Nowhere Near Solving the Housing Crisis

Would you like to see part of this Fanling golf course developed into flats?
A trial balloon was floated up a month ago -- a study released by the government showed 5,000 flats could be built on part of the 170-hectare golf course in Fanling.

Immediately a ruckus erupted -- golfers were up in arms that their beloved golf course would be considered as potential land, while others felt 5,000 flats wasn't enough -- that there should be more built on the eastern part of the golf course that comprises a car park and part of what is known as the Old Course.

And then there was a fiasco that meetings to decide this issue have been postponed twice, and some of the people on the committee were Fanling golf club members and should be excused from the discussion.

Green groups are opposed to developing east Lantau
Then today Daniel Liu Ping-kwong, immediate past chairman and now honorary president of the Hong Kong Golfers Association hit back, asking why they don't have a say.

He said if golf members are barred from the task force, then members of other private recreational clubs should be as well. Which practically means everyone because most government task forces are made up of well-heeled committee members.

Professional international golfers have also raised their concerns about losing the historic course, but are they aware of the serious housing crisis we're in?

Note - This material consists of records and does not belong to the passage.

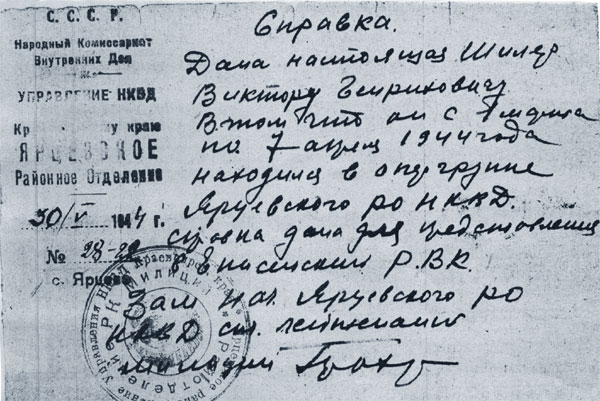 Но время шло, и как-то меня заведующая общим отделом шепотом информирует «Вас приглашает начальник райНКВД - капитан Сычев» (имя-отчество я забыл). Я упал духом и думал: «За что? Почему?». И попросил передать маме, что, если я не вернусь, то не пропаду. Я к этому времени и управлял лошадьми, при чем, жеребцами, с которыми не могли сладить другие парни и мужчины, и валил лес, был спортивным, Здоровым... Нахождение в местах не столь отдаленных потому мне было не страшно. И я с таким настроением иду на прием, говорю дневальному: «По приглашению капитана Сычева». Тот подскакивает с места и берет под козырек. Я поражен... Вошел в кабинет, сел на табурет, и начинаются вопросы: «Как живете, на что жалуетесь?». И вдруг вопрос: «Как владеете оружием?». Я удивлен и отвечаю, что подготовил пять очередей всеобуча и все вооружение, которым владеет Красная Армия, и разбираю, и собираю вслепую. «Вы должны нам помочь». Я соскакиваю и говорю: «Служу Советскому Союзу!». Капитан посадил меня и говорит: «Никому ни слова. Тринадцатого января 1943 года в 18 часов вы должны к нам явиться. А сейчас что запланировали - выполняйте».
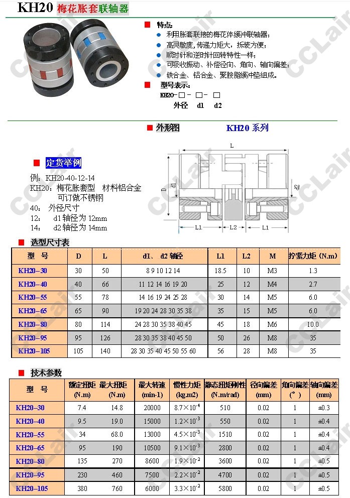 KH20-30,KH20-40,KH20-55,KH20-65,KH20-80,KH20-95,KH20-105,鋁合金梅花脹套聯(lián)軸器 |
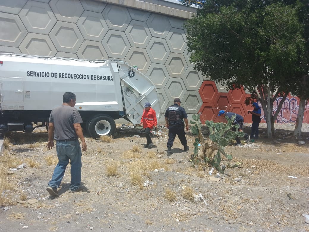 En coordinación con la Dirección de Ecología y Manejo de residuos, Aseo Público y oficiales de Guardia Municipal, se realizó una intervención en las inmediaciones de los puentes vehiculares de Carretera 57 y las avenidas Granate, Colorines y la parte baja del Distribuidor Vial Benito Juárez.
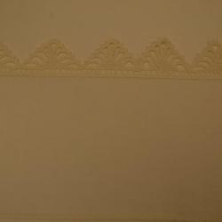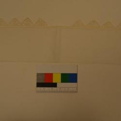 White, rectangle, doily. The rectangle is a piece of machine made fabric. The top of the piece of fabric is hand embroidered triangles. There are 5 with a space in the middle and then 5 more triangles.
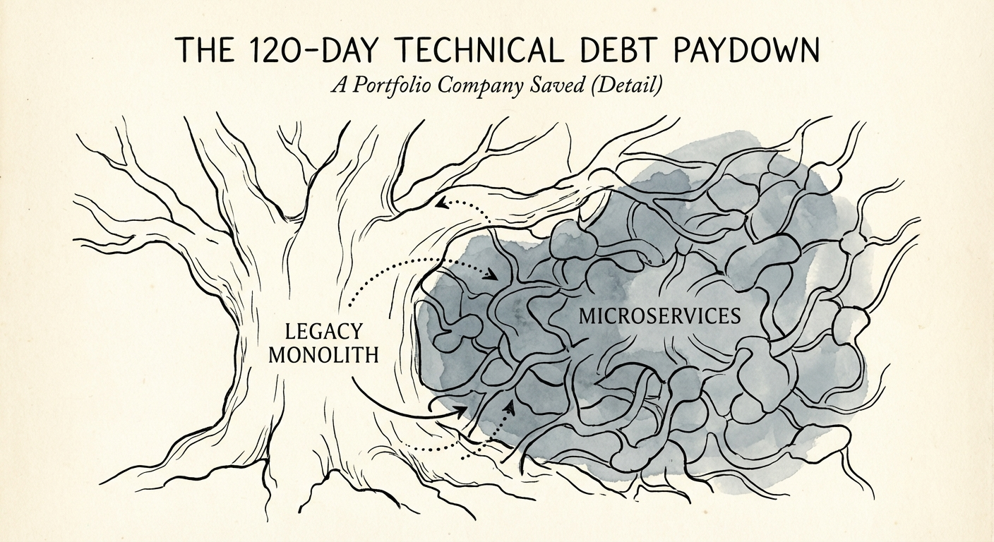 We rejected the CTO's request for a 12-month rewrite. In Private Equity, you don't have 12 months to go dark. Instead, we deployed a 120-day "Paydown Plan" focused on inheriting and fixing the debt without halting operations.

I asked a relative what he thought of the issue. He said there shouldn't be an construction on the site because it's green space that people can enjoy. However I pointed out it was a private club and he said yes -- that's the problem -- they should open it further to the public because it's owned by the government.

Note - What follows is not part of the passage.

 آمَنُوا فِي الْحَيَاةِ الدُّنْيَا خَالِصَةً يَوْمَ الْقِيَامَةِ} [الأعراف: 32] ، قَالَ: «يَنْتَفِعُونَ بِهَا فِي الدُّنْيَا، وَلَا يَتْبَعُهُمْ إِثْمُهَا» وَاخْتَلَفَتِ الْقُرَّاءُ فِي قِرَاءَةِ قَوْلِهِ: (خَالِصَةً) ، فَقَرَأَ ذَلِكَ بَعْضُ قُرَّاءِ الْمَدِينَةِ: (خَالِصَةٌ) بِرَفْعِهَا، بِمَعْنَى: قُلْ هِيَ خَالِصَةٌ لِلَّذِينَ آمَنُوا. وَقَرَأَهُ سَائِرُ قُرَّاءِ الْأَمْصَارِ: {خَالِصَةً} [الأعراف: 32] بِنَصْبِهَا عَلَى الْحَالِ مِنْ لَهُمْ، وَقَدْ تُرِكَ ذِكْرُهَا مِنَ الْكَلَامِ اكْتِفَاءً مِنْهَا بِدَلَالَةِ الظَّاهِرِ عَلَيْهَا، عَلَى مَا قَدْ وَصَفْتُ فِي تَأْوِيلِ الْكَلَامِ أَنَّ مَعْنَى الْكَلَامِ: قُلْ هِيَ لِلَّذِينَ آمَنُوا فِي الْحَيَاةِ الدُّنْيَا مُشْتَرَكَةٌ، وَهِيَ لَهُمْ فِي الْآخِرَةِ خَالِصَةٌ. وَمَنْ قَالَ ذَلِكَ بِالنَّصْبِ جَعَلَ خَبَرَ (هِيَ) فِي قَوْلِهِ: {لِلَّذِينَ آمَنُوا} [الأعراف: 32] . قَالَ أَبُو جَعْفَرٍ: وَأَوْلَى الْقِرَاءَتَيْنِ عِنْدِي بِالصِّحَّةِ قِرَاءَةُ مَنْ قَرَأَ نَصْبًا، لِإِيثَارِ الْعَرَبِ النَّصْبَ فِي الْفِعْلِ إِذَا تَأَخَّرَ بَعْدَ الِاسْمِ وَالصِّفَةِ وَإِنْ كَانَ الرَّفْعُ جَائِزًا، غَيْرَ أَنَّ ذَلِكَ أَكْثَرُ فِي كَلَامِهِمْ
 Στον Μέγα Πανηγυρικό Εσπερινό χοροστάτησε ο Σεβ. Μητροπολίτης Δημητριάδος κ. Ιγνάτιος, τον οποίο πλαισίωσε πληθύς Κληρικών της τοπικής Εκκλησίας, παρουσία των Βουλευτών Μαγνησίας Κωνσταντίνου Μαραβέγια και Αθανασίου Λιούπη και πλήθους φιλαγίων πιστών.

Does Paul Chan have any more ideas to create more housing?
If you develop that land, he says, then you have fewer public open spaces. He had a point. He suggested further developing Lantau, but there are many green belt areas there that cannot and should not be touched.

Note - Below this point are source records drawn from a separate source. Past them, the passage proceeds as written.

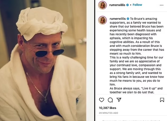 Earlier this year, the Hollywood legend’s family revealed that the actor has been diagnosed with aphasia, a disorder resulting from damage to the brain that affects communication and causes the victim to gradually lose the ability to speak or understand speech.
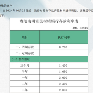 贵阳南明富民村镇银行自10月29日起下调部分存款产品利率,其中3个月、半年、1年、2年、3年期整存整取存款利率分别下调30个、28个、15个、26个、25个基点,至1.45%、1.65%、2.00%、2.30%、2.85%。活期存款利率未作调整,仍为0.20%。
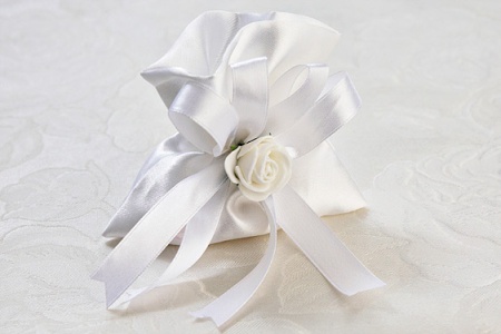 Marturie nunta saculet de satin decorat cu panglici satinate si trandafiri.Pret: 3,99 Lei
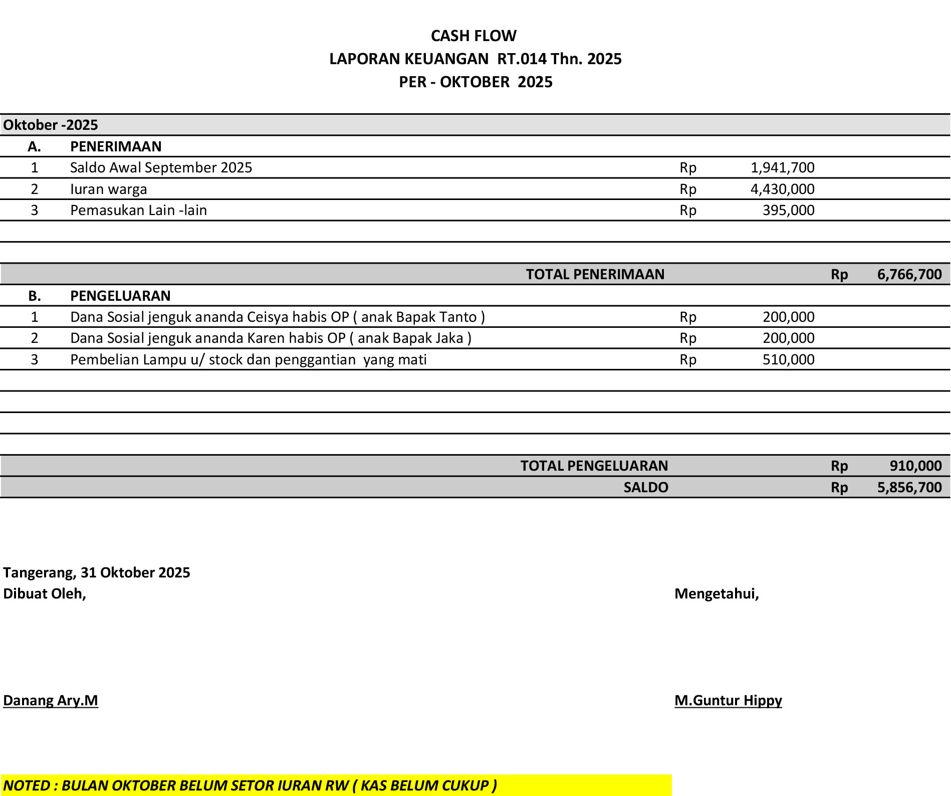 Laporan Keuangan Bulan Oktober 2025

Following in that vein Financial Secretary Paul Chan Mo-po is pushing the idea of more land reclamation, re-floating the idea of a 1,000-hectare artificial island east of Lantau. However green groups shot it down last November because they were concerned about the welfare of marine life in the area.

So the debate continues -- how are we going to solve the housing crisis? Where are we going to put everyone? How much will these homes cost?

It's a tough decision, which is why the government needs to be brave. Very brave.